__Data to process__.
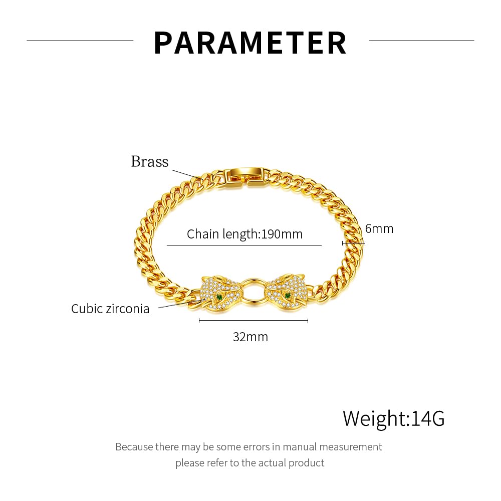 腕元に猛獣のオーラをまとわせる、Rockyuのヒョウヘッドゴールドブレスレット。輝くブラス素材にジルコニアを贅沢に敷き詰めたヒョウの頭が、都会的な強さと洗練を演出します。幅6mmの喜平チェーンはしっかりとした存在感がありながらも、190mmの長さで女性の手首にしなやかにフィット。軽やかな14gの着け心地で、一日中快適に身に着けられます。光を受けてキラリと光るその姿は、あなたの魅力を引き立てるだけでなく、特別な日の装いにもぴったり。Rockyuが贈るこの一本で、手首から放つラグジュアリーな輝きを楽しんでください。
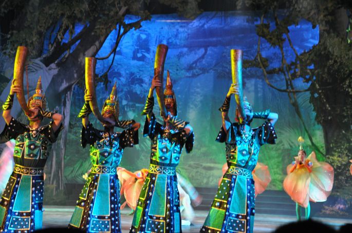 第二天开始有点凌乱了,司机师傅对于我们的路线全部推翻,要重新安排,比如第二天我们想去大佛寺,野象谷,花卉园,但是司机师傅和我们沟通来来去去,他很不高兴。结果我们就被他强烈推荐的去了野象谷,野象谷路上,他要求我们把钱(门票+骑大象钱)给他,他说门票是65,大象每人200,我们说到了看情况吧,再决定是不是要骑大象。司机师傅很生气,说是他打好招呼了,我们觉得纳闷儿,你开车的饿,打什么招呼啊。没把钱给他,他极度生气。我也生气了,他逼着我们骑大象,我就说今天只包半天车。于是我们自己买票,门票不是他说的65,而是52,还是53来着。因为说了只包半天,我们进去搜搜的走,什么也没看,1个小时不到从南门到北门就走出来了,决定回去。因为我们不骑大象,他还是很生气,逼着我们,后来就好好的说求我们,我们去起骑大象了,每人200,2人400,他从中拿到了提成。在这之前还有一个插曲,就是一般去版纳自助游的不会去游轮,但是他不断的推荐,说了我们自己定的景点如何如何,他推荐的这个如何好,买不到票,要提前一天。我们两因为也没定下来,(计划全被打乱),头一天晚上电话说了第二天可能去看做游轮的事儿。结果,也就是我们从野象谷回来,他逼着我们去游轮,我们不去,他差点和我们打起来,说什么他都和人家打好招呼了,我们怎么能不去呢。门票每人280,2人560.我们因为在当地也每人有认识人,他各种威胁,逼着我们去看,所以那天晚上的心情糟透了。感觉女孩子出去就是容易被欺负。唯一开心的事情就是在游轮上有经验的人妖表演,其中一个女孩子,真是美极了。
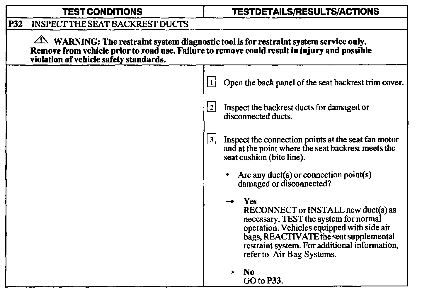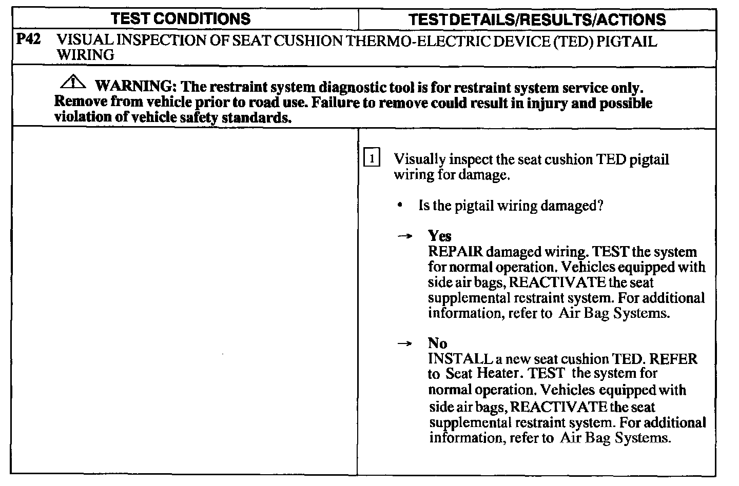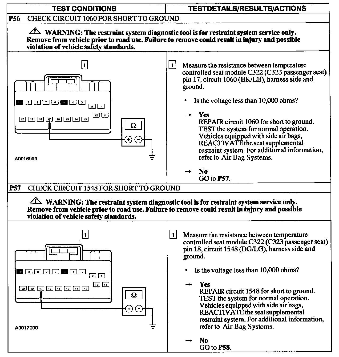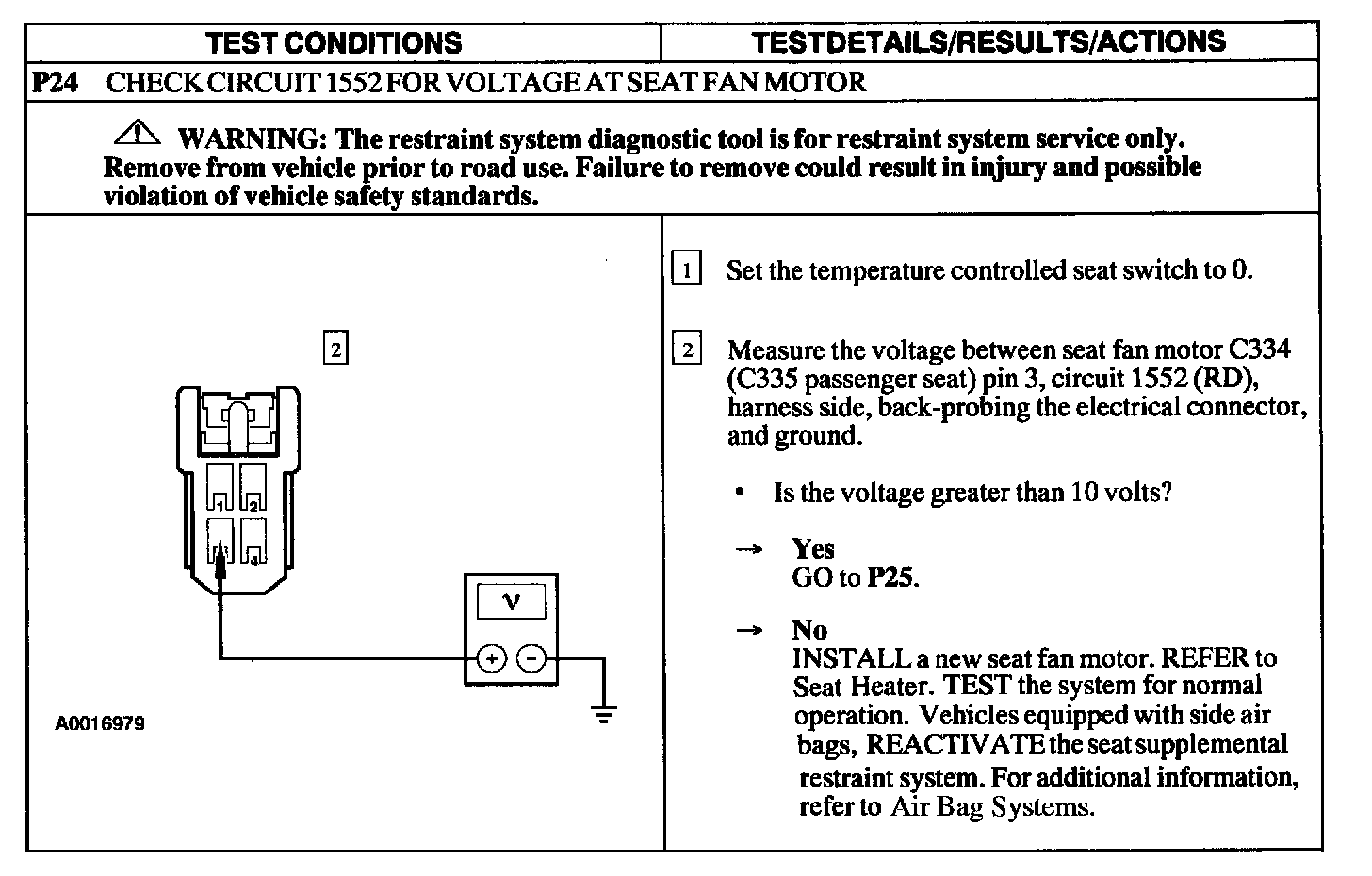 Test P: A Single Temperature Controlled Seat Is Inoperative/Does Not Operate Correctly
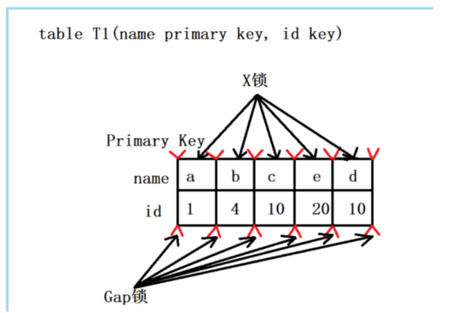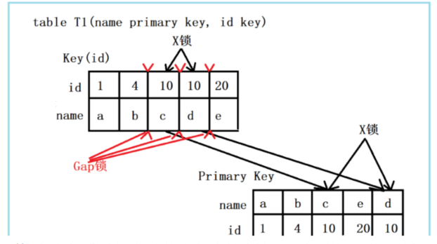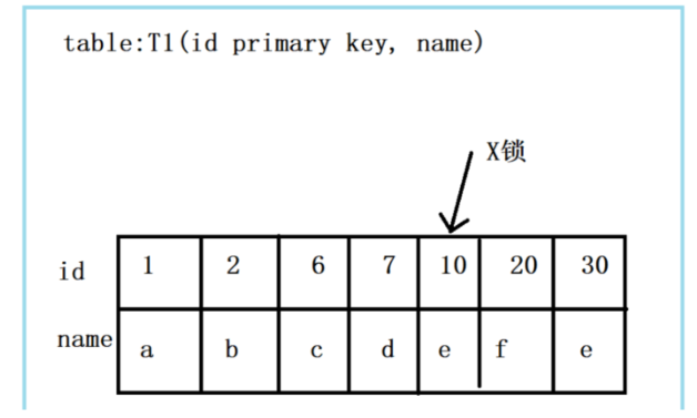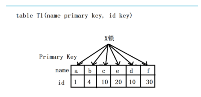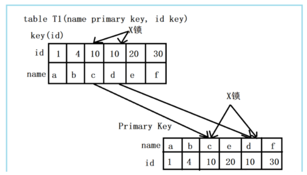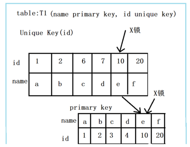 此组合中,id是unique索引,而主键是name列。此时,加锁的情况由于组合一有所不同。由于id是unique索引,因此delete语句会选择走id列的索引进行where条件的过滤,在找到id=10的记录后,首先会将unique索引上的id=10索引记录加上X锁,同时,会根据读取到的name列,回主键索引(聚簇索引),然后将聚簇索引上的name = ‘d’ 对应的主键索引项加X锁。
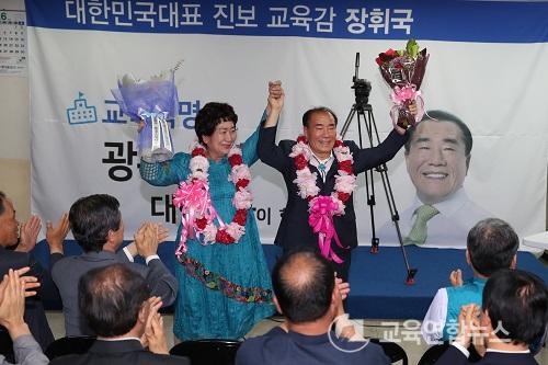 ÀåÈÖ±¹ ±¤Áֽñ³À°°¨ ´ç¼±ÀÎÀº Áøº¸Áø¿µÀÇ ÀüÆøÀûÀÎ Áö¿øÀ» ¹Þ¾ÒÀ¸¸ç, °¢Á¾ ¿©·ÐÁ¶»ç¿¡¼­ ÇöÁ÷ ±³À°°¨ ÇÁ·¹¹Ì¾öÀ¸·Î Àå È帰¡ ¼±µÎ¸¦ À¯ÁöÇßÁö¸¸ ÀÌ È帰¡ ¹Ù¦ Ãß°ÝÇÏ´Â ¾ç»óÀ» º¸À̰í ÀÖ¾úÀ¸³ª ±¤ÁÖ±³À°À» Çõ½ÅÇϰí û·Å°ú Çõ½Å±³À°, º¸ÆíÀû ±³À°º¹ÁöÀÇ ¼ÒÁßÇÑ °¡Ä¡¸¦ Áö۱â À§ÇØ ´Ù½Ã ÇÑ ¹ø ¼±ÅÃÇØ ´Þ¶ó°í ÁöÁö È£¼Ò°¡ 3¼±°¡µµ¿¡ ¼º°øÀÇ ÁÖ¿ä Çß´Ù.
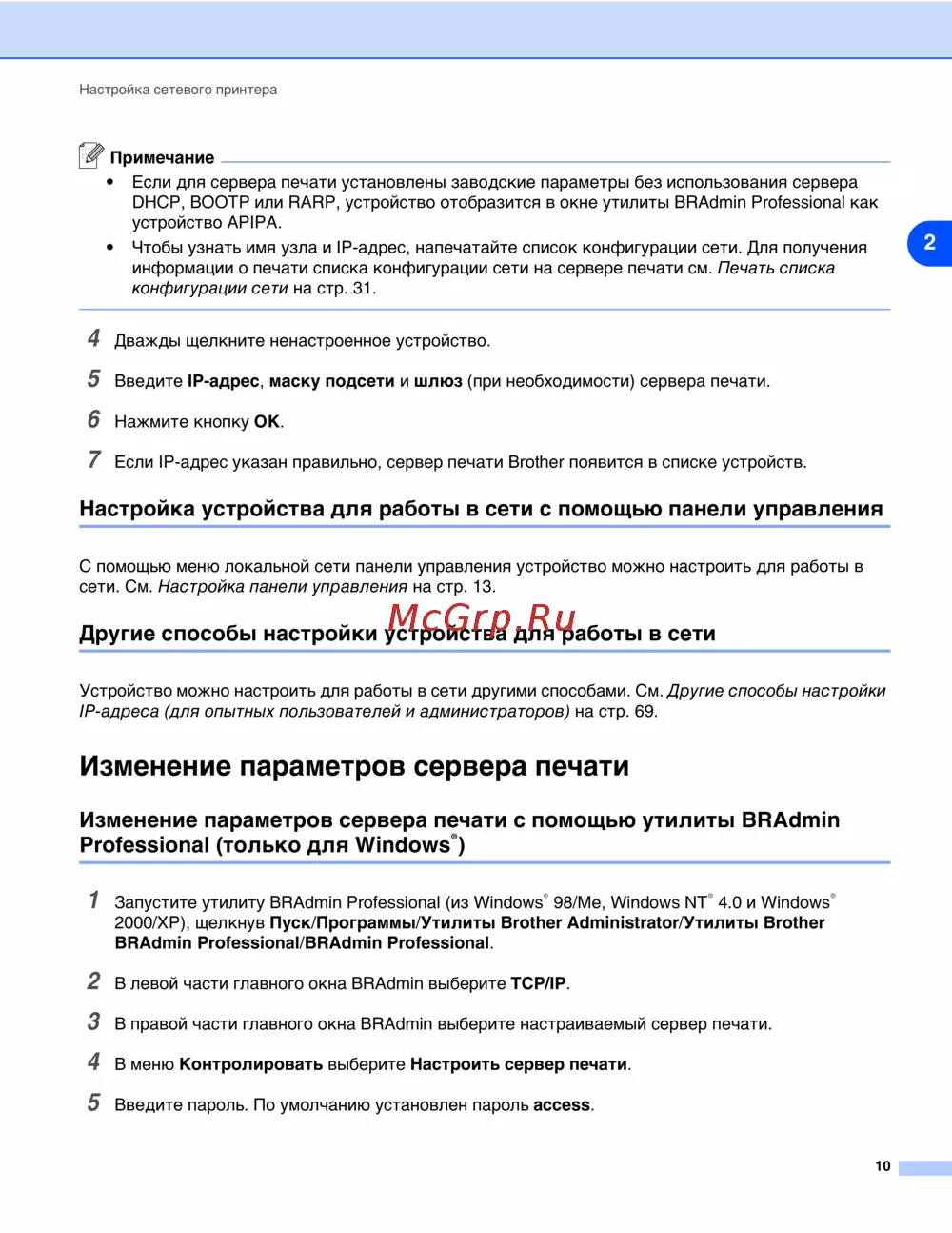 - Настройка ip адреса с помощью серверного программного обеспечения brother web bradmin для iis p.85

__To do__.
The records above should be reproduced exactly, with no pictures included.

__Answer to this problem__.
 腕元に猛獣のオーラをまとわせる、Rockyuのヒョウヘッドゴールドブレスレット。輝くブラス素材にジルコニアを贅沢に敷き詰めたヒョウの頭が、都会的な強さと洗練を演出します。幅6mmの喜平チェーンはしっかりとした存在感がありながらも、190mmの長さで女性の手首にしなやかにフィット。軽やかな14gの着け心地で、一日中快適に身に着けられます。光を受けてキラリと光るその姿は、あなたの魅力を引き立てるだけでなく、特別な日の装いにもぴったり。Rockyuが贈るこの一本で、手首から放つラグジュアリーな輝きを楽しんでください。
 第二天开始有点凌乱了,司机师傅对于我们的路线全部推翻,要重新安排,比如第二天我们想去大佛寺,野象谷,花卉园,但是司机师傅和我们沟通来来去去,他很不高兴。结果我们就被他强烈推荐的去了野象谷,野象谷路上,他要求我们把钱(门票+骑大象钱)给他,他说门票是65,大象每人200,我们说到了看情况吧,再决定是不是要骑大象。司机师傅很生气,说是他打好招呼了,我们觉得纳闷儿,你开车的饿,打什么招呼啊。没把钱给他,他极度生气。我也生气了,他逼着我们骑大象,我就说今天只包半天车。于是我们自己买票,门票不是他说的65,而是52,还是53来着。因为说了只包半天,我们进去搜搜的走,什么也没看,1个小时不到从南门到北门就走出来了,决定回去。因为我们不骑大象,他还是很生气,逼着我们,后来就好好的说求我们,我们去起骑大象了,每人200,2人400,他从中拿到了提成。在这之前还有一个插曲,就是一般去版纳自助游的不会去游轮,但是他不断的推荐,说了我们自己定的景点如何如何,他推荐的这个如何好,买不到票,要提前一天。我们两因为也没定下来,(计划全被打乱),头一天晚上电话说了第二天可能去看做游轮的事儿。结果,也就是我们从野象谷回来,他逼着我们去游轮,我们不去,他差点和我们打起来,说什么他都和人家打好招呼了,我们怎么能不去呢。门票每人280,2人560.我们因为在当地也每人有认识人,他各种威胁,逼着我们去看,所以那天晚上的心情糟透了。感觉女孩子出去就是容易被欺负。唯一开心的事情就是在游轮上有经验的人妖表演,其中一个女孩子,真是美极了。
 Test P: A Single Temperature Controlled Seat Is Inoperative/Does Not Operate Correctly
 此组合中,id是unique索引,而主键是name列。此时,加锁的情况由于组合一有所不同。由于id是unique索引,因此delete语句会选择走id列的索引进行where条件的过滤,在找到id=10的记录后,首先会将unique索引上的id=10索引记录加上X锁,同时,会根据读取到的name列,回主键索引(聚簇索引),然后将聚簇索引上的name = ‘d’ 对应的主键索引项加X锁。
 ÀåÈÖ±¹ ±¤Áֽñ³À°°¨ ´ç¼±ÀÎÀº Áøº¸Áø¿µÀÇ ÀüÆøÀûÀÎ Áö¿øÀ» ¹Þ¾ÒÀ¸¸ç, °¢Á¾ ¿©·ÐÁ¶»ç¿¡¼­ ÇöÁ÷ ±³À°°¨ ÇÁ·¹¹Ì¾öÀ¸·Î Àå È帰¡ ¼±µÎ¸¦ À¯ÁöÇßÁö¸¸ ÀÌ È帰¡ ¹Ù¦ Ãß°ÝÇÏ´Â ¾ç»óÀ» º¸À̰í ÀÖ¾úÀ¸³ª ±¤ÁÖ±³À°À» Çõ½ÅÇϰí û·Å°ú Çõ½Å±³À°, º¸ÆíÀû ±³À°º¹ÁöÀÇ ¼ÒÁßÇÑ °¡Ä¡¸¦ Áö۱â À§ÇØ ´Ù½Ã ÇÑ ¹ø ¼±ÅÃÇØ ´Þ¶ó°í ÁöÁö È£¼Ò°¡ 3¼±°¡µµ¿¡ ¼º°øÀÇ ÁÖ¿ä Çß´Ù.
 - Настройка ip адреса с помощью серверного программного обеспечения brother web bradmin для iis p.85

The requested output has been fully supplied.